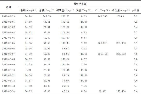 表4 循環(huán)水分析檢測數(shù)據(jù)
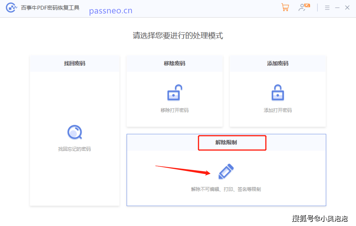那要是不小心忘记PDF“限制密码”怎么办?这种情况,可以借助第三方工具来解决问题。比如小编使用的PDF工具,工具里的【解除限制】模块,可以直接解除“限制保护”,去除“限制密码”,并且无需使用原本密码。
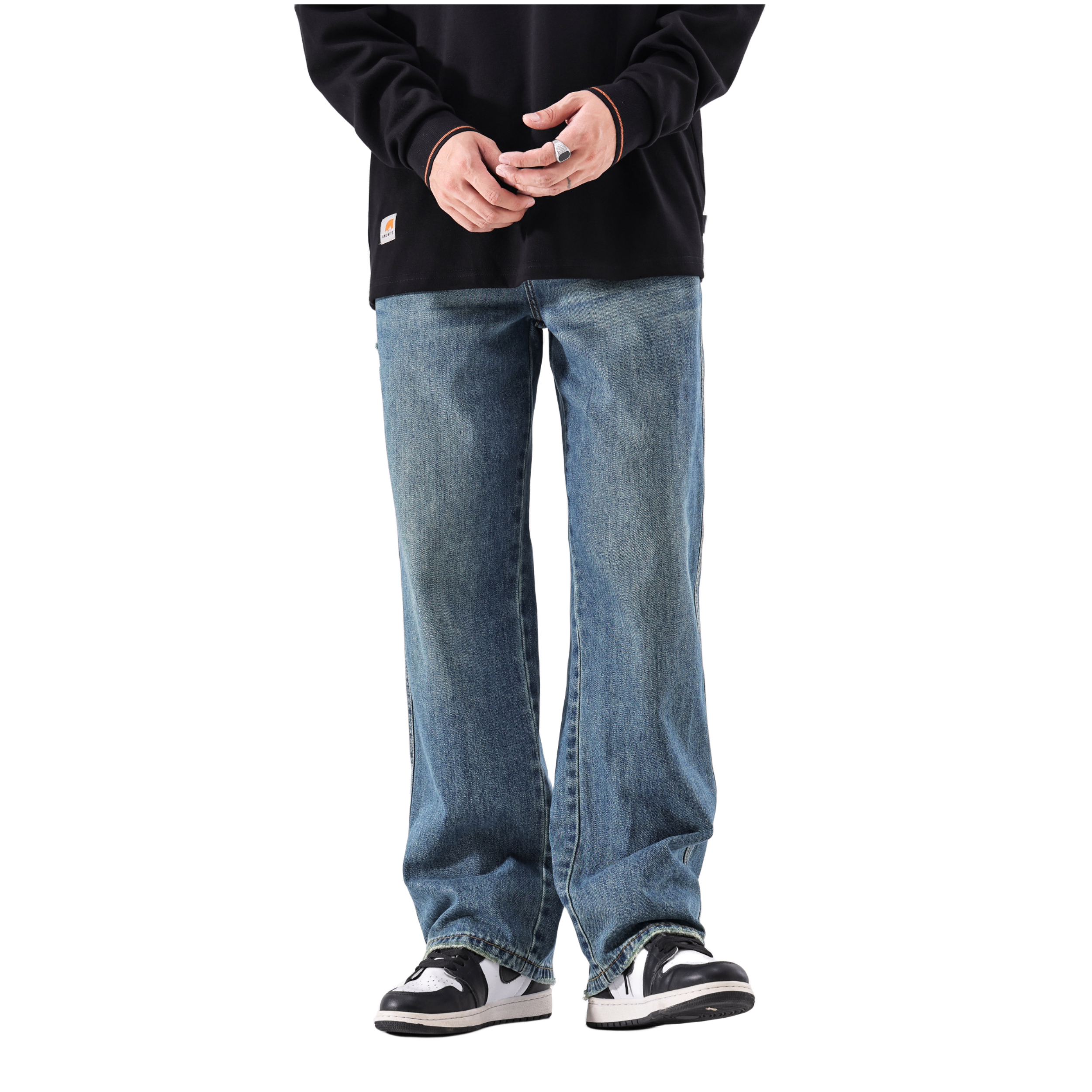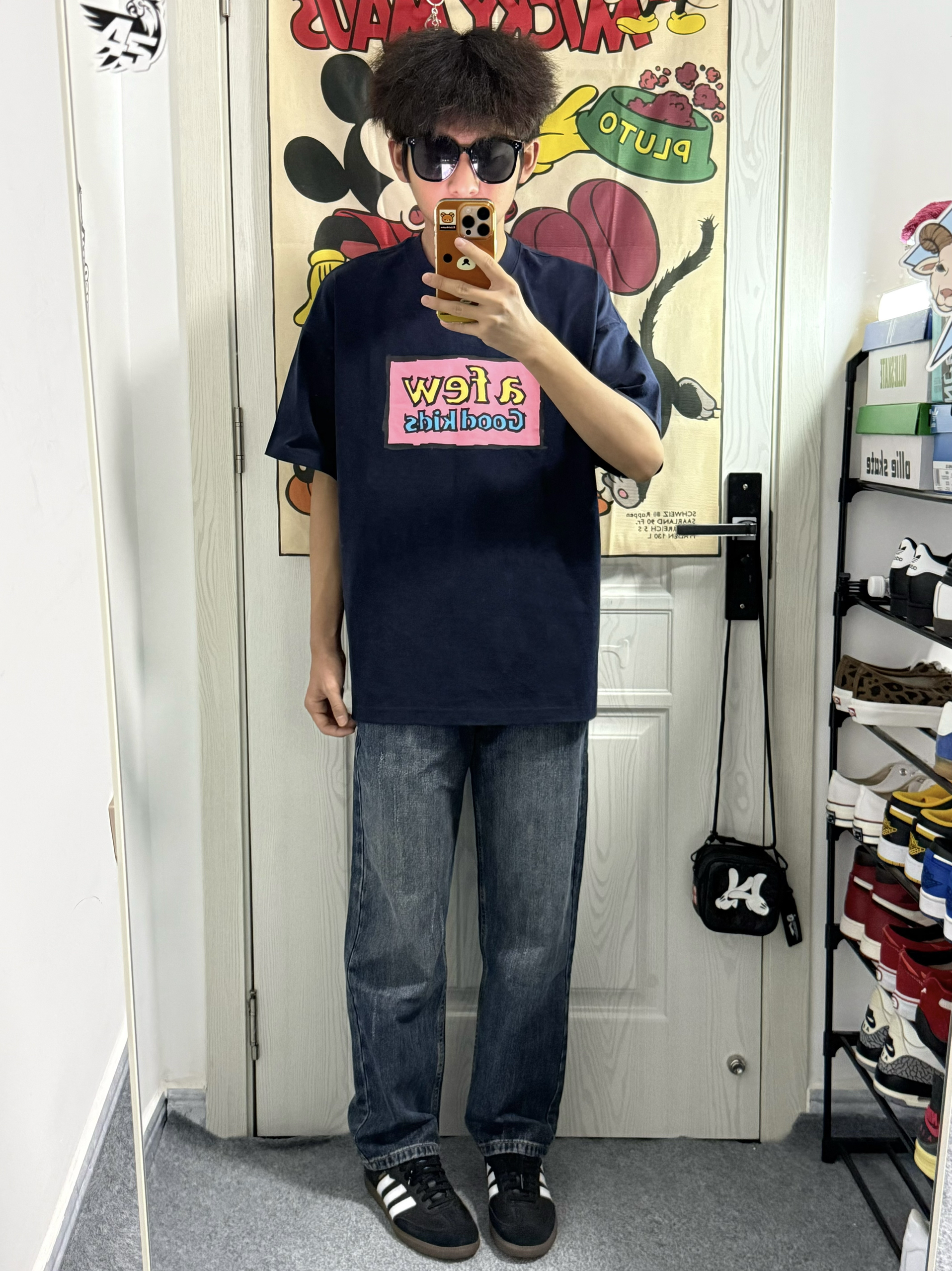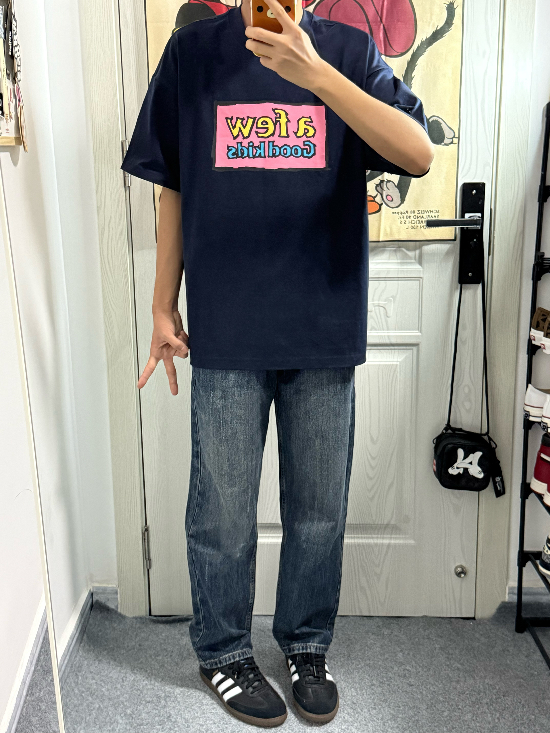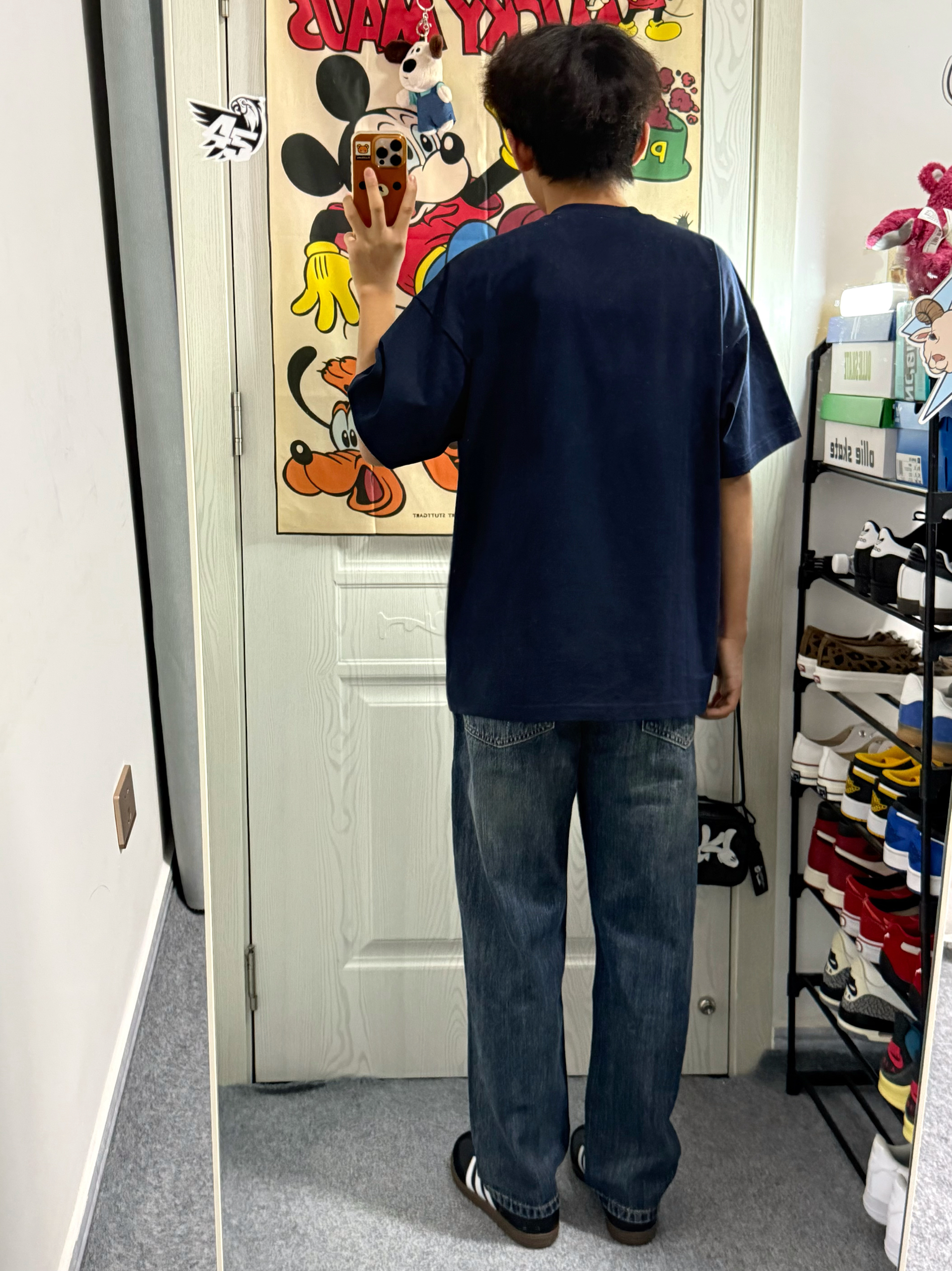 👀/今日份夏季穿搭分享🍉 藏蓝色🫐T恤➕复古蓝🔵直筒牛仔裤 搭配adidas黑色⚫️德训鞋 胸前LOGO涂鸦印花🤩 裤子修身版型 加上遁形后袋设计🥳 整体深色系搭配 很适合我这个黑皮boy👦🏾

Problem to solve —
Without the pictures, repeat the listing word for word.

Worked solution —
 表4 循環(huán)水分析檢測數(shù)據(jù)
那要是不小心忘记PDF“限制密码”怎么办?这种情况,可以借助第三方工具来解决问题。比如小编使用的PDF工具,工具里的【解除限制】模块,可以直接解除“限制保护”,去除“限制密码”,并且无需使用原本密码。
 👀/今日份夏季穿搭分享🍉 藏蓝色🫐T恤➕复古蓝🔵直筒牛仔裤 搭配adidas黑色⚫️德训鞋 胸前LOGO涂鸦印花🤩 裤子修身版型 加上遁形后袋设计🥳 整体深色系搭配 很适合我这个黑皮boy👦🏾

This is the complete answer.